I could be happy if I was in better circumstances
-living in a better apt/city/state/country.
-had enough money to never have to worry. Money = freedom
-if I had a purpose and knew what my purpose was
-if I found my “soul mate” and we’re having a great life together
-if my health improves
That’s basically the 4 things everyone needs in life to be happy:
-money
-purpose
-love
-health
Missing any of that and you’ll be depressed.
Everyone here is missing one of those things.
11 comments
Do you think maybe a person could survive with money, purpose & health but no love?
I kinda had that for a while and it seemed to work, but things eventually fell apart and I’m wondering if it was the lack of love. That would kinda suck because some of us are so damaged that we’re literally unlovable. Not saying that lightly, I think some people are just too messed up for anyone else to handle, literally beyond hope. The movie Leaving Las Vegas is about that, and although it’s fiction it a little too real.
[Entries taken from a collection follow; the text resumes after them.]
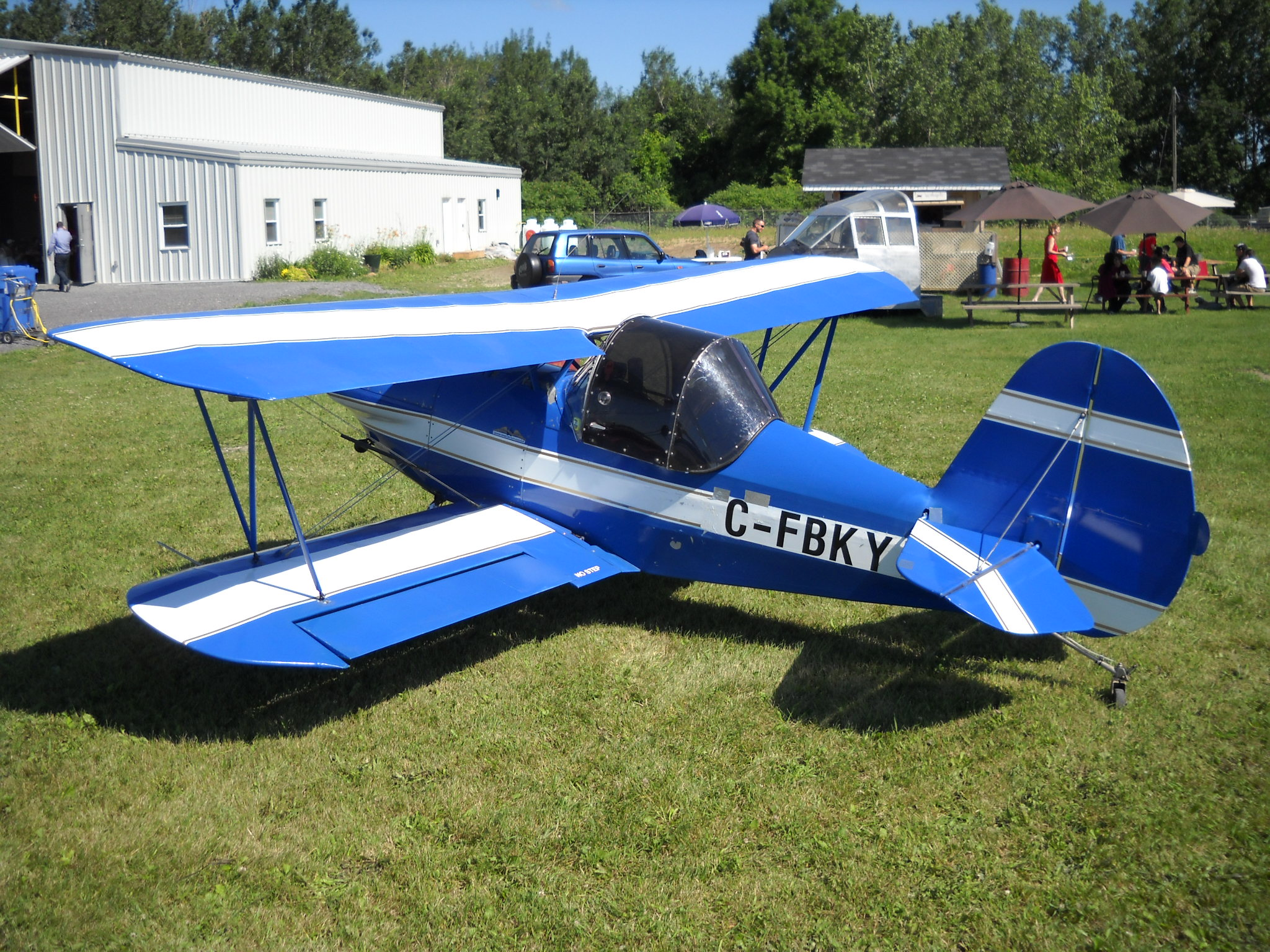 Baby Lakes at the Rockcliffe Airport, Ottawa, Ontario, Canada.
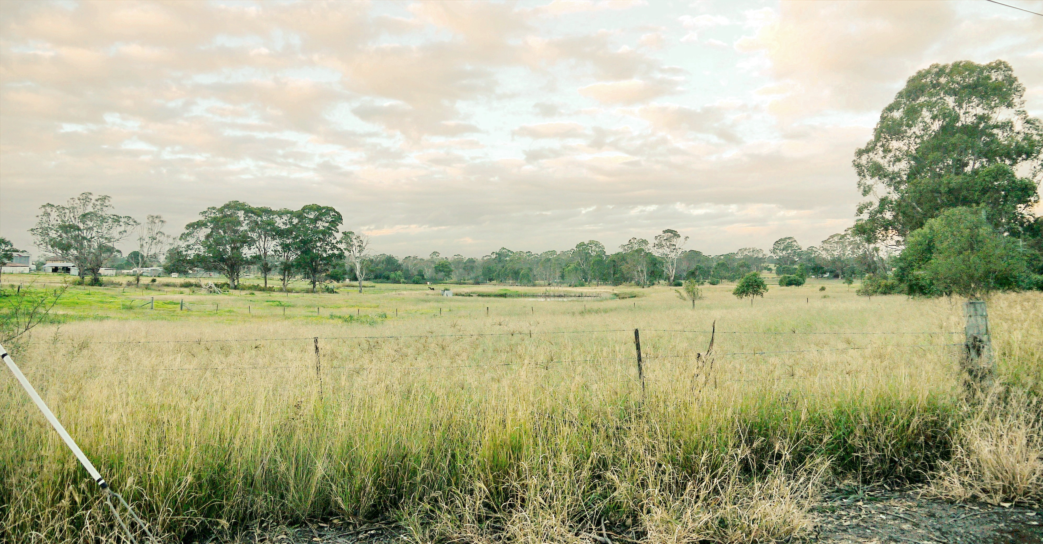 Western Sydney (Badgerys Creek) Airport site as at 29 May 2014 - Anton Rd (looking east toward central part).JPG
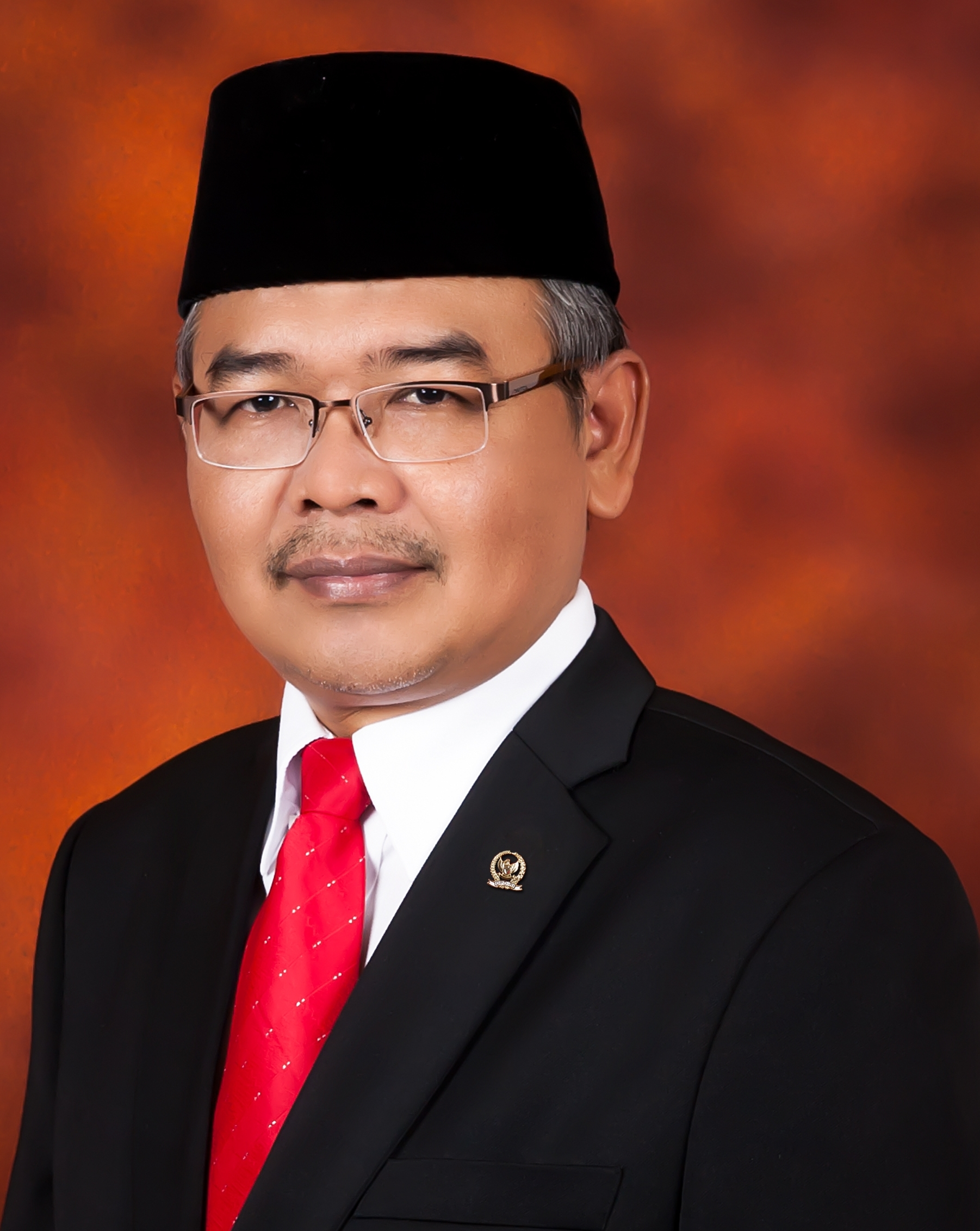 Mohammad Saleh as Member of Regional Representative Council

Survive? Yes. Definitely. I did that and accomplished a lot with- no money and no love- but I had my health and I had purpose.
But can one be HAPPY without love? Well, that’s a different question. If you have purpose, you kind of have “self love” to some extent. If you have purpose and a strong drive- One can be “happy enough “in the short term without love- as long as you THINK you will find love at some point. But the purpose take precedence.
Usually, one finds “love” when they’re out doing things, not staying home isolated and depressed.
I had such a strong determination to succeed and get out of my shit situation as a kid. I had no money and no love, but I had ME. and that was enough bc I believed in myself. “Me” and “I” fueled every success and accomplishment. If I hadn’t gotten sick, and if I hadn’t been in the grips of a narcissist who completely and purposefully shattered my self-confidence, I probably would be having a pretty decent life right now.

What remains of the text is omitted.